ICW juga mendesak KPK menyelesaikan sengkarut koordinasi antara Kejaksaan Negeri Cirebon dan Polres Cirebon dengan cara melakukan koordinasi serta supervisi perkara. Koordinasi dan supervisi memiliki dasar payung hukum yang kuat, yaitu Peraturan Presiden Nomor 102 Tahun 2020 tentang Pelaksanaan Supervisi Pemberantasan Tindak Pidana Korupsi. Dalam Pasal 6 Ayat (1) Perpres No 102/2020 itu ada kewenangan KPK untuk melakukan koordinasi dan supervisi. Selain itu, kewenangan juga diatur dalam Pasal 6 juncto Pasal 8 Huruf a UU Nomor 19 Tahun 2019 tentang Komisi Pemberantasan Korupsi.
Menjadi viral
Dalam keterangan pers yang disampaikan Kepala Biro Penerangan Masyarakat Divisi Humas Polri Brigadir Jenderal (Pol) Ahmad Ramadhan, Jumat sore, gelar perkara terhadap kasus yang diduga melibatkan N dan S yang ditangani Polres Cirebon dilakukan karena merupakan atensi dari Badan Reserse Kriminal Polri.

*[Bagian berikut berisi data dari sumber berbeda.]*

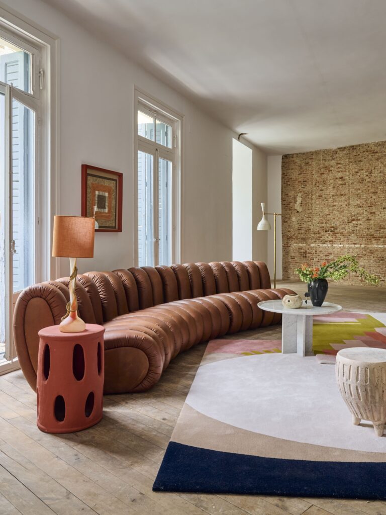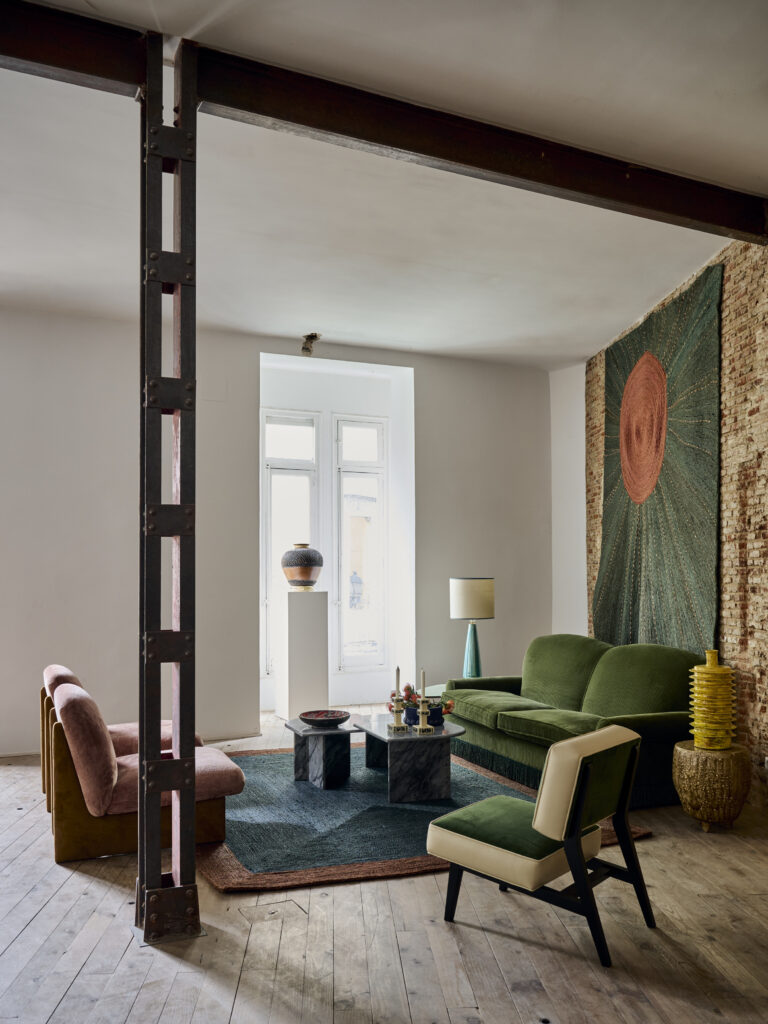 La calidez de los tonos tierra se impone en una tercera escena, donde las butacas Aretha en terracota y Julie en negro crean un juego de volúmenes sobrio pero contundente. Finalmente, el sofá Dalida y la butaca Shirley, en un profundo verde bosque, completan un entorno lleno de texturas y matices, donde cada pieza invita a quedarse y observar.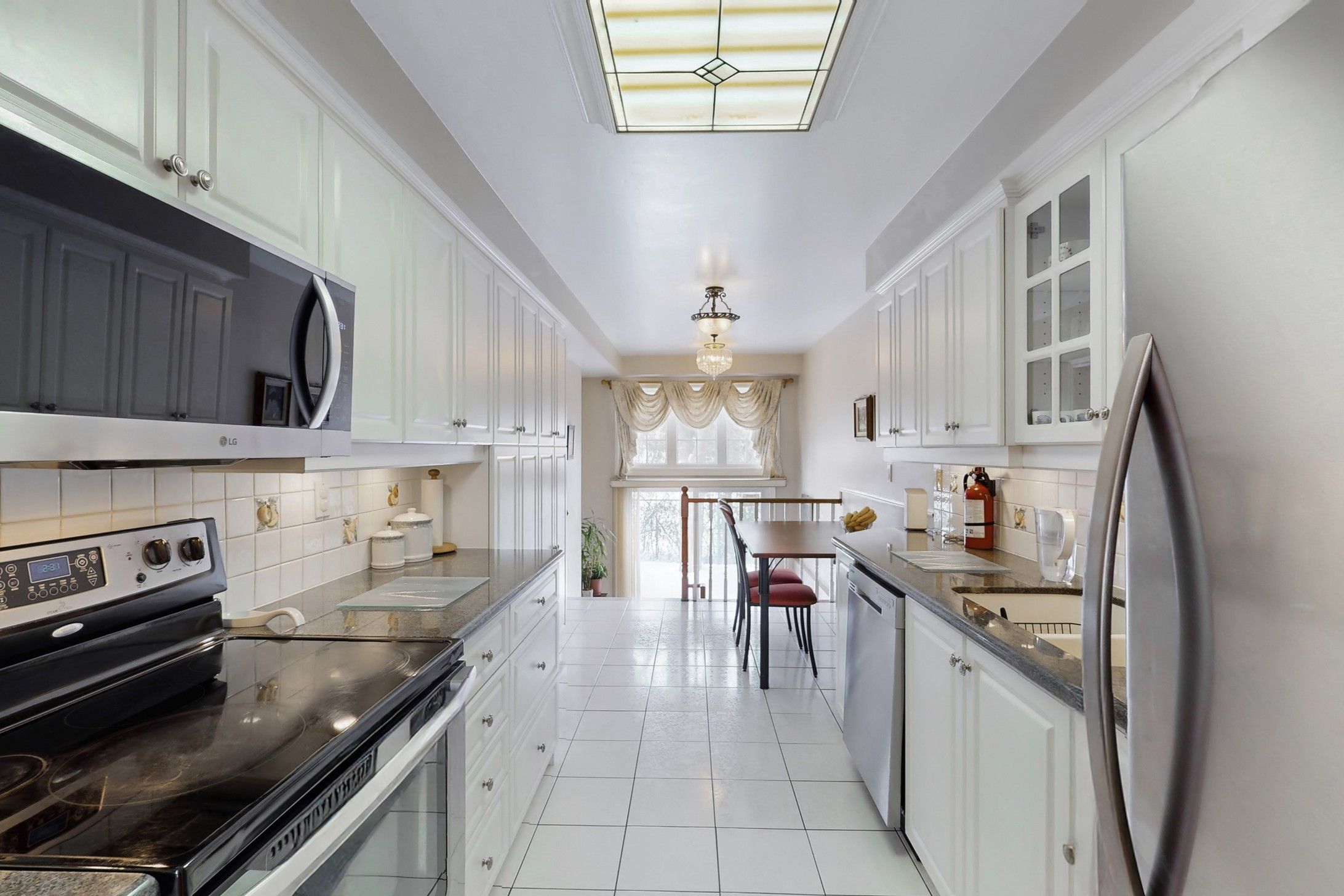 • Renovated kitchen with granite countertops and stainless steel appliances.
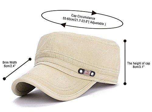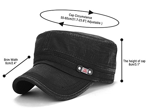 -. Feature : Cadet army cap is made by vintage and durable washed cotton material / Cadet army cap Size: Circumstance: 55~60cm/21.7~23.6"; Brim Width: 6cm/2.4", The height of cap:8cm/3.1", please allow a little differences on sizes due to manual measurements / Cooper buckle on the back can be adjusted according to your need, never deform or change color / Comfortable and breathable sweat band has the function of absorbing sweat and preventing the corps hat from changing color, and the Retro appearance collocated with vintage metal sign, highlights your unique and outstanding temperament / Stereo military hat brim design with fine stitching technology, which makes the military hat shape more fashion, as well as provides more protections against strong sunshine and uv, a great necessity for many outdoor activities: hiking, climbing, fishing and camping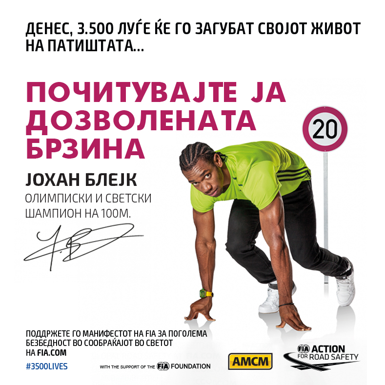 АМСМ, како единствена членка на ФИА од Македонија – Светската автомобилистичка организација, се приклучува кон иницијативата за ден без ниедна жртва во сообраќајот.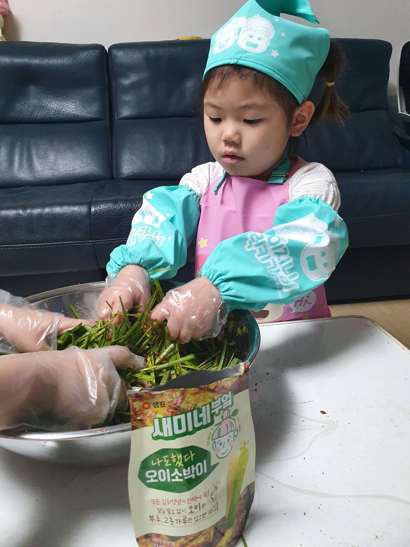 처음으로 담가 본 부추김치 열심열심!! 아이들이 더 재밌어 하네요^^ 요리도 하고 맛있게 먹기도 하고 1석이2조네요 ㅎㅎ 간단하면서도 맛있고 재미있는 즐거운 시간이었습니다~~♡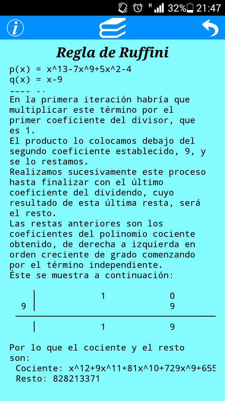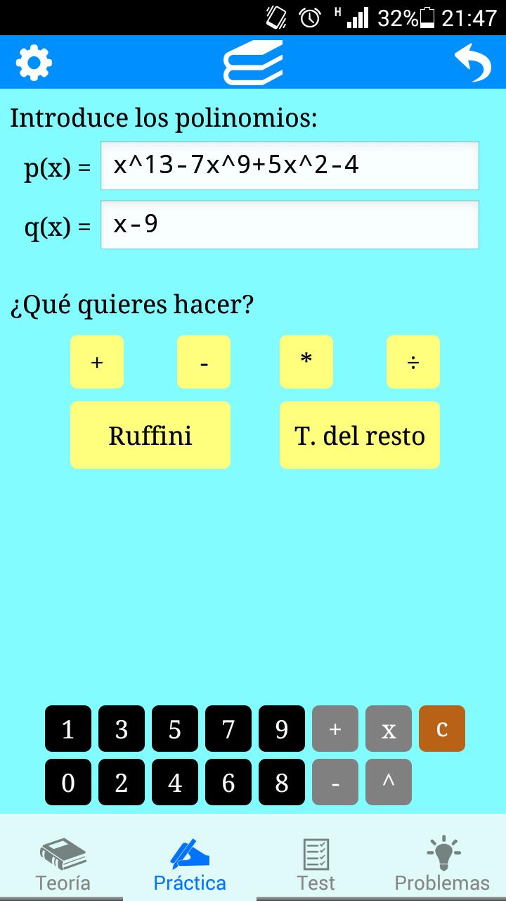 - 실습 : Polinomios 으로 기본 작업을 해결하고, 루피 니의 규칙을 통한 이들의 분해, 나머지 정리의 해석을 허용합니다.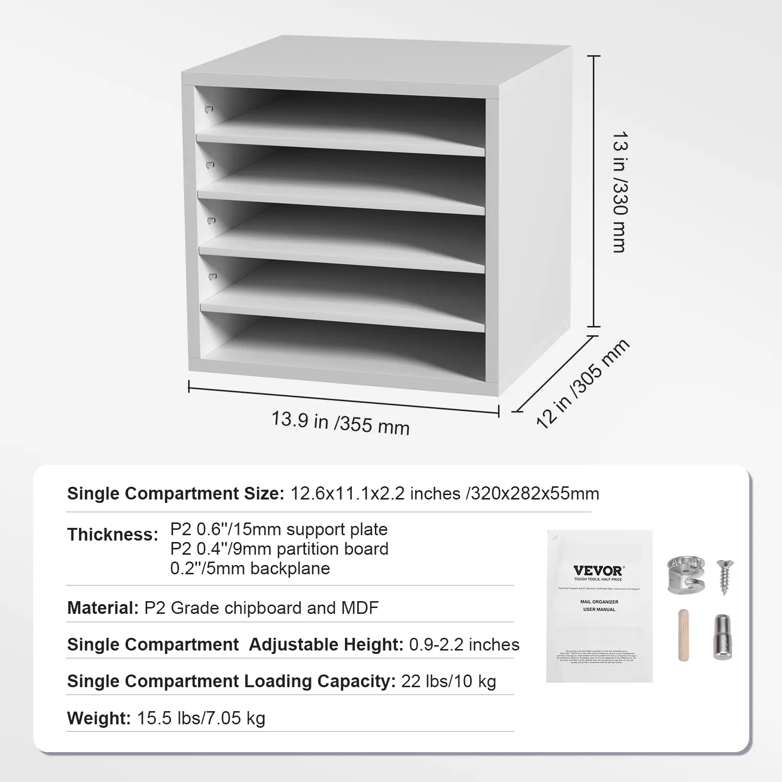 • Maximize Your Space: Say goodbye to cluttered desktops with VEVOR 13.9''x12''x13'' wood literature organizer. It has 5 compartments in total. You'll have ample space to store and organize books, documents, magazines, papers, and other materials. Keep your workspace neat and tidy with ease.
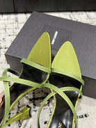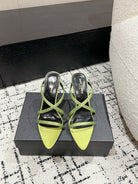 HIGH CRYSTAL STRAP SANDALS IN PEAR GREEN SILK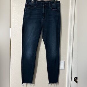 MOTHER High Waisted Looker Ankle Fray in Last Call Wash Dark Blue Skinny. Size32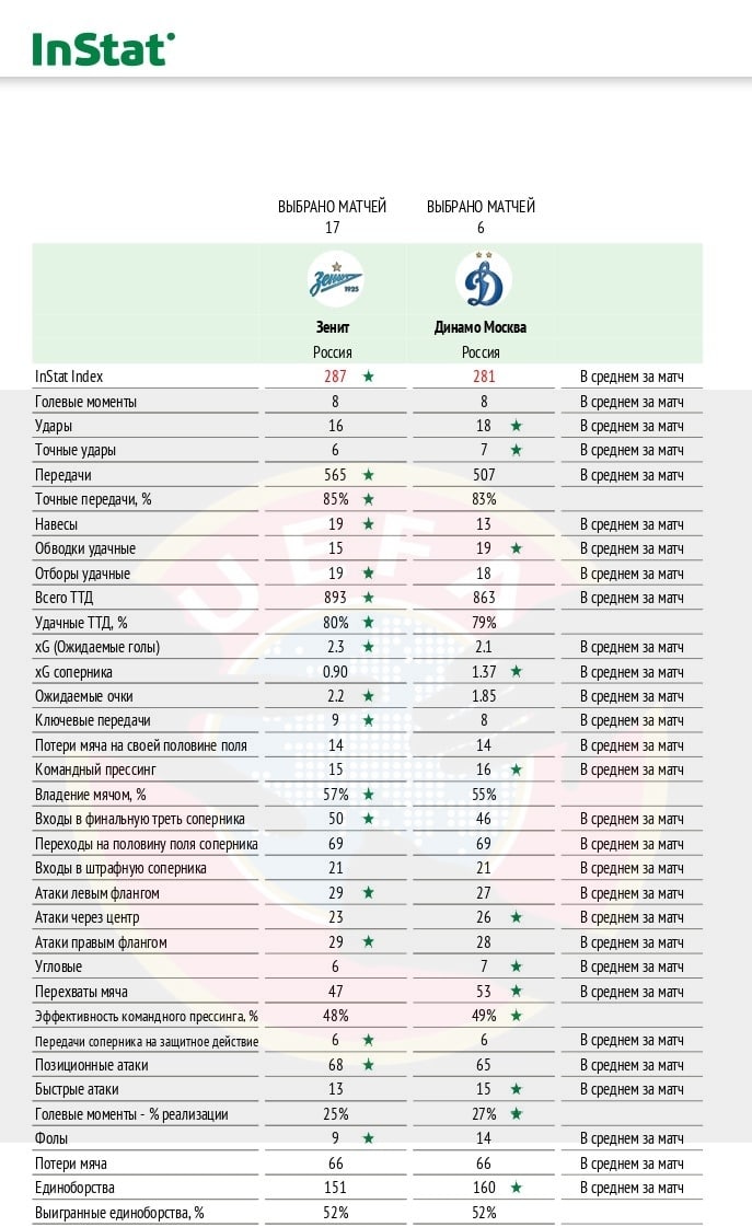 ◾️ яркая игра в атаке - оба коллектива создают по 8 голевых моментов в среднем за матч, это лучшие цифры в лиге с большим отрывом и тут надо отдать должное прогрессу "Динамо" при Шварце. Обычно в этом компоненте с "Зенитом" мало кто мог поспорить,но как будет на дистанции - вопрос!🤔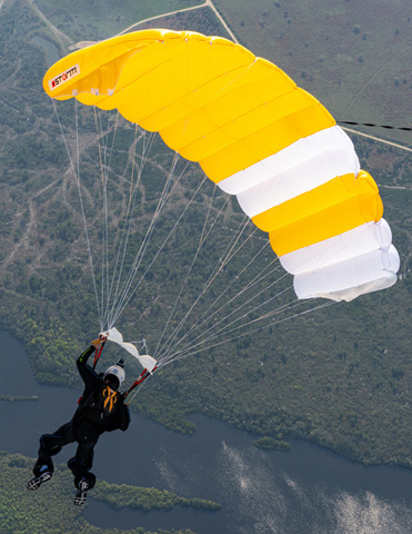 Универсальный купол во всех смыслах. 7 секций. Стабильно и мягко открывается, хорошо и интересно летает для семисекционника, прощает больше ошибок при небольших загрузках. Хорошо сочетается с вингсьютом. Для купольной акробатики есть специальная версия Storm CF. Но и "обычная" версия подойдёт для этой дисциплины лучше других куполов. Если вам ещё далеко до пенсии, и PD Spectre для вас не подходит по возрасту, но всё же хочется от парашюта стабильности и простоты в управлении, этот купол для вас.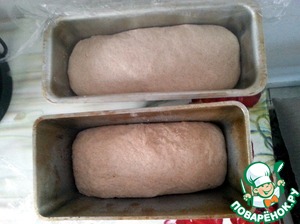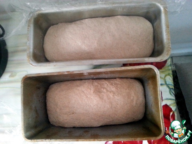 Тесто вывалить из чаши миксера и домесить руками, оно должно быть эластичным, мягким и чуть липким. Положить в большую миску, чтобы тесто могло увеличиться в два, три раза. Накрыть пищевой плёнкой на два, три часа. Подошедшее тесто обмять и разделить на две части. Формы смазать маслом и присыпать мукой, положить тесто в формы, накрыть пищевой плёнкой и дать отдохнуть ещё 60-90 минут.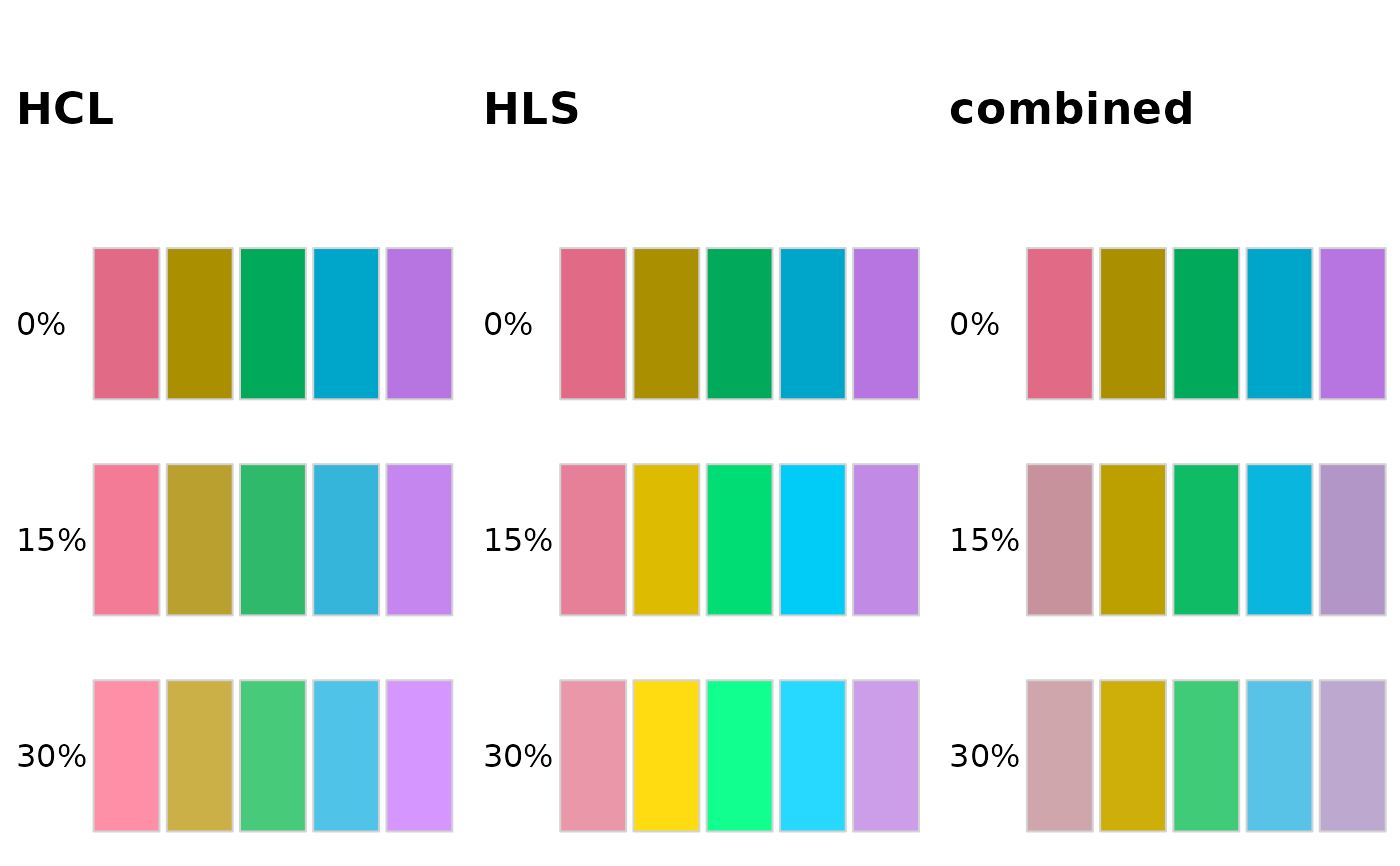 If space = "combined", the colors are first adjusted in both the HCL and HLS spaces. Then,

”Karena viral di masyarakat. Saya mengucapkan terima kasih kepada media yang membuat kasus ini viral sehingga mendapat perhatian pimpinan Polri,” katanya.
Saat dihubungi Sabtu, Brigjen (Pol) Ahmad Ramadhan mengatakan, perkara itu akan dikoordinasikan lebih lanjut dengan jaksa penuntut umum. Polri belum bisa memastikan apakah status tersangka Nurhayati akan ditangguhkan atau tidak sebelum ada koordinasi lebih lanjut dengan Kejaksaan Negeri Cirebon.
”Perkara untuk tersangka N, penyidik akan mengoordinasikan kembali kepada JPU untuk tindak lanjut kasus ini. Adapun untuk kasus dengan tersangka kepala desa setempat S tetap dilanjutkan,” kata Ahmad.
Ahmad belum bisa memastikan nasib status tersangka dari Nurhayati. Ia menegaskan bahwa status tersangka Nurhayati memang sedang ditinjau kembali. Namun, terkait dengan kepastiannya apakah ditangguhkan atau tidak, masih menunggu hasil koordinasi dengan kejaksaan terlebih dahulu. ”Kita tunggu hasil koordinasinya nanti, ya,” kata Ahmad.
Sementara itu, pihak Nurhayati sudah menyiapkan langkah hukum praperadilan. Kuasa hukum Nurhayati, Waswin Janata, di Cirebon, Kamis (24/2/2022), menyebut pihaknya tengah mengkaji rencana pengajuan praperadilan. Upaya hukum itu dapat menentukan sah atau tidaknya status tersangka terhadap kliennya. Pihaknya juga telah mengadu kepada LPSK serta Menteri Koordinator Bidang Politik, Hukum, dan Keamanan Mahfud MD agar Nurhayati mendapatkan keadilan.